Translate

Search This Blog

Wednesday, November 27, 2024

Overcoming Challenges: How NPR Digitized Their Music Collection with AI

Practical Application of AI: Evaluating Music to Build a Music Library

Presented by Jane Gilvin, NPR's Research Archives and Data Team



Introduction

Jane Gilvin delivered a presentation on how her team at NPR utilized artificial intelligence (AI) to automate the identification of instrumental and vocal music to build a digital music library more efficiently. The session focused on the practical application of AI in music cataloging, the challenges faced, and the solutions implemented.

About Jane Gilvin and the RAD Team

  • Jane Gilvin:
    • Member of NPR's Research Archives and Data (RAD) Team for nearly 13 years.
    • Educational background in music and library science.
    • Alumna of San Jose State University's Information Science program.
    • Experience in radio since she was a teenager.
  • The RAD Team:
    • Formerly known as the NPR Library, established in the 1970s.
    • Responsible for collecting NPR programming archives.
    • Provides resources for production, including a comprehensive music collection.

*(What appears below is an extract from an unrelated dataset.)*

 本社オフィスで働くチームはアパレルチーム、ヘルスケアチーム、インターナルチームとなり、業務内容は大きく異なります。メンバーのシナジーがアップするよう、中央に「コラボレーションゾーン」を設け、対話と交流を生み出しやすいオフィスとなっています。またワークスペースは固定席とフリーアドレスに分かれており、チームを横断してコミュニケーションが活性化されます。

NPR's Music Collection Evolution

The NPR music collection has evolved alongside technological advancements:

  • Vinyl Records: The initial collection comprised vinyl records across various genres.
  • Transition to CDs: Shifted to compact discs (CDs) as CD players became standard in production.
  • Digital Music Files: Moved towards digital files to meet the expectations of quick and remote access to music.

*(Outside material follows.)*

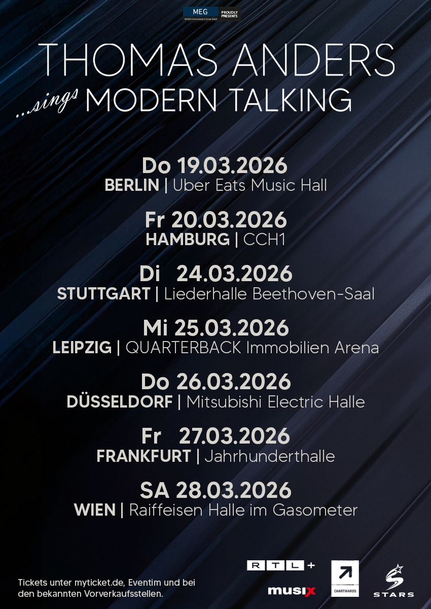 Zum 40-jährigen Jubiläum von Modern Talking überrascht Thomas Anders seine Fans im März 2026 mit einer spektakulären Deutschland-Tournee, die die unvergesslichen Hits des legendären Pop-Duos sowie weitere Klassiker der 80er Jahre feiert. Die „THOMAS ANDERS sings MODERN TALKING-Tour“ ist nicht nur (s)eine liebevolle Hommage an die Musik eines der beliebtesten und prägendsten Musikjahrzehnte, sondern auch eine Premiere für die sensationellen Neuaufnahmen der ersten sechs Modern-Talking-Alben. Damit ist der Künstler der erste seiner Art, der sein komplettes Frühwerk neu interpretiert und damit auf Tour geht!

Challenges in Digitizing the Collection

The transition to digital presented several challenges:

  • Converting thousands of physical CDs into digital files for immediate access.
  • Ensuring metadata accuracy and consistency, especially for instrumental and vocal classification.
  • Lack of resources for continuous large-scale ingestion and cataloging of new music.

Solution: Automation with AI

The Robot and ORRIS

  • The Robot: A batch processing system capable of ripping CDs, identifying metadata from online databases, and delivering MP3 and WAV files with embedded ID3 tags.
  • ORRIS (Open Resource and Research Information System): A new database developed to allow users to search, stream, and download songs for production.

Implementing Essentia

  • Essentia: An open-source library and collection of tools used to analyze audio and music to produce descriptions and synthesis.
  • Capabilities: Predicts genre, beats per minute, mood, and most importantly, classifies tracks as instrumental or vocal.
  • Training the Algorithm: Used NPR's extensive archive of over 300,000 tracks with existing instrumental and vocal tags to train the algorithm.

Accuracy and Testing

  • Human Cataloging Accuracy: Ranged from 90% to 98%, averaging around 90% due to human error and limitations.
  • Algorithm Accuracy Goal: Set at 80% to balance the usefulness and the efficiency of the process.
  • Results: The algorithm achieved an accuracy of 86%, meeting the team's criteria.

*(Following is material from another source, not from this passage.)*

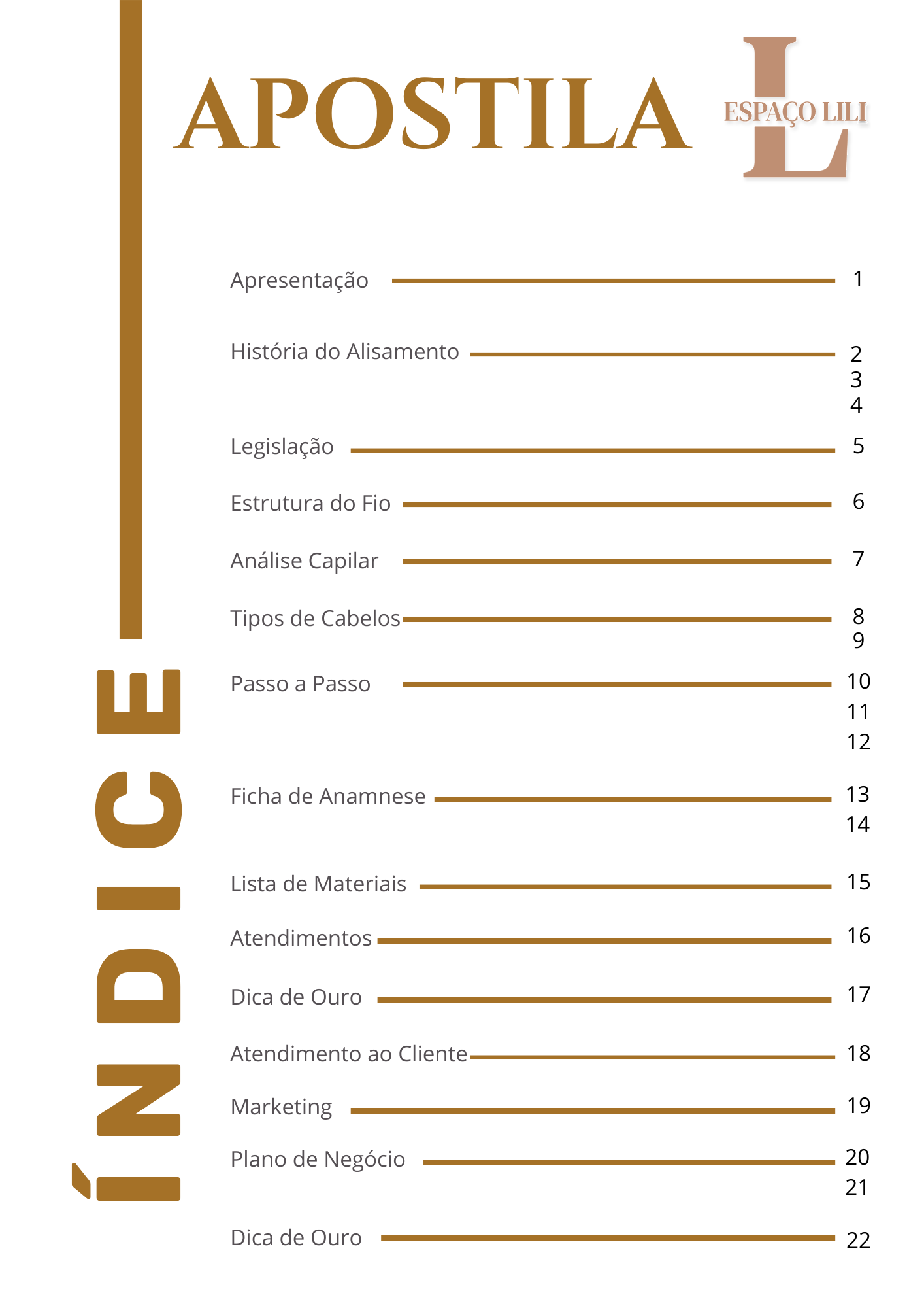 A apostila de Alisamento Capilar é um guia completo e essencial para qualquer profissional que deseja se especializar na técnica de alisamento capilar. A apostila explora a fundo a estrutura do fio de cabelo e a análise capilar, abordando os diferentes tipos de cabelos e oferecendo um passo a passo detalhado do procedimento. Inclui uma ficha de anamnese e um modelo de ficha para facilitar o atendimento personalizado aos clientes.

Integration and Quality Control

Building into the Ingest Process

  • Automated the instrumental/vocal tagging during the ingest process of new tracks.
  • Applied the algorithm to existing tracks that lacked instrumental/vocal classification.

User Feedback Mechanism

  • Added a feature allowing users to report incorrectly tagged songs directly from the ORRIS interface.
  • Provided a quick way for the RAD team to receive notifications and correct metadata errors.

Quality Control Measures

  • Automated spreadsheets generated during the algorithm's run allowed for immediate review of results.
  • Periodic checks to ensure the algorithm continues to perform within the acceptable accuracy range.
  • Addressed any shifts in algorithm performance due to changes in the type of music being ingested or other factors.

Demonstration

Jane provided a live demonstration of how the process works:

  1. Showed the ORRIS search interface and how users can search for and listen to tracks (e.g., Thelonious Monk, David Bowie).
  2. Demonstrated the ingestion of new albums and how the algorithm processes them to classify tracks as instrumental or vocal.
  3. Illustrated the use of the user feedback feature to report incorrect classifications.

Benefits and Outcomes

  • Significantly reduced the time and resources required for music cataloging.
  • Enabled continuous addition of new music to the library despite limited staff time.
  • Improved user satisfaction by providing a reliable point of data for instrumental and vocal tracks.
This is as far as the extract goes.